- **Goal of the exercise**
Return the data below exactly as given, except for the images.

- **Provided material**
══════════
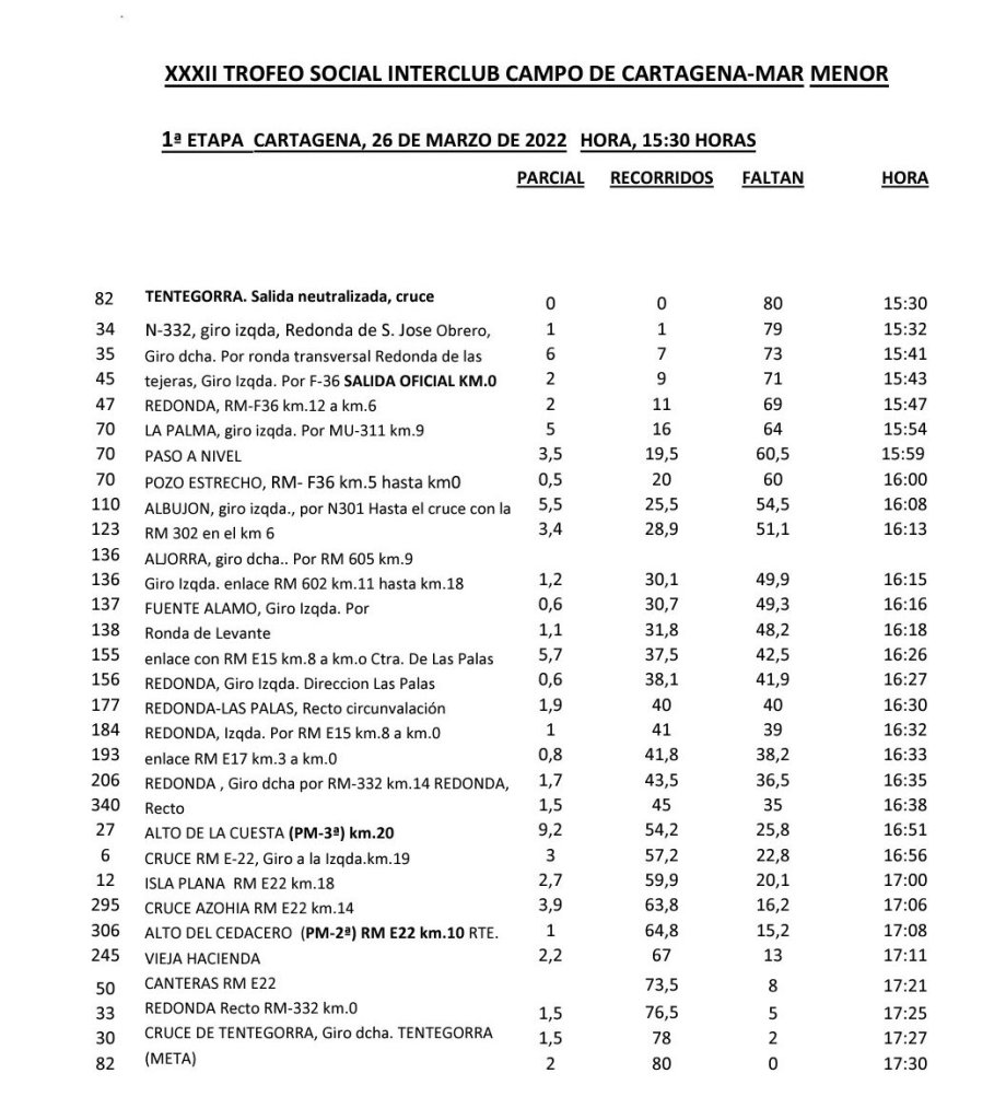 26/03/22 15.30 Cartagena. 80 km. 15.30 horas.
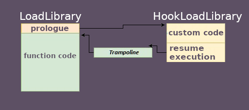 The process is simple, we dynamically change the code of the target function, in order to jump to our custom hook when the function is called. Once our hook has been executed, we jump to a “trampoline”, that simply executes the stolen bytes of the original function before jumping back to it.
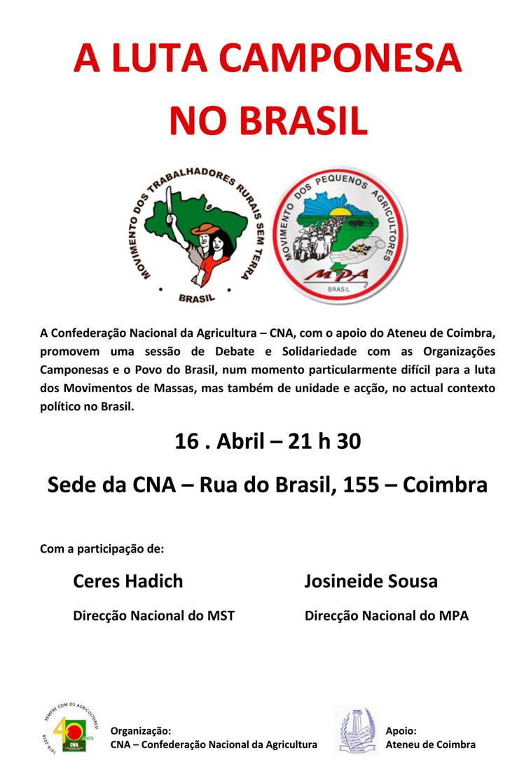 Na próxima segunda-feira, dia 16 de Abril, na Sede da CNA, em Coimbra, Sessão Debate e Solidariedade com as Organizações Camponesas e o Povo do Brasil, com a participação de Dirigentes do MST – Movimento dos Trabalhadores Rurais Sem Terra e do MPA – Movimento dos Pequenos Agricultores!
══════════
- **Response**
 26/03/22 15.30 Cartagena. 80 km. 15.30 horas.
 The process is simple, we dynamically change the code of the target function, in order to jump to our custom hook when the function is called. Once our hook has been executed, we jump to a “trampoline”, that simply executes the stolen bytes of the original function before jumping back to it.
 Na próxima segunda-feira, dia 16 de Abril, na Sede da CNA, em Coimbra, Sessão Debate e Solidariedade com as Organizações Camponesas e o Povo do Brasil, com a participação de Dirigentes do MST – Movimento dos Trabalhadores Rurais Sem Terra e do MPA – Movimento dos Pequenos Agricultores!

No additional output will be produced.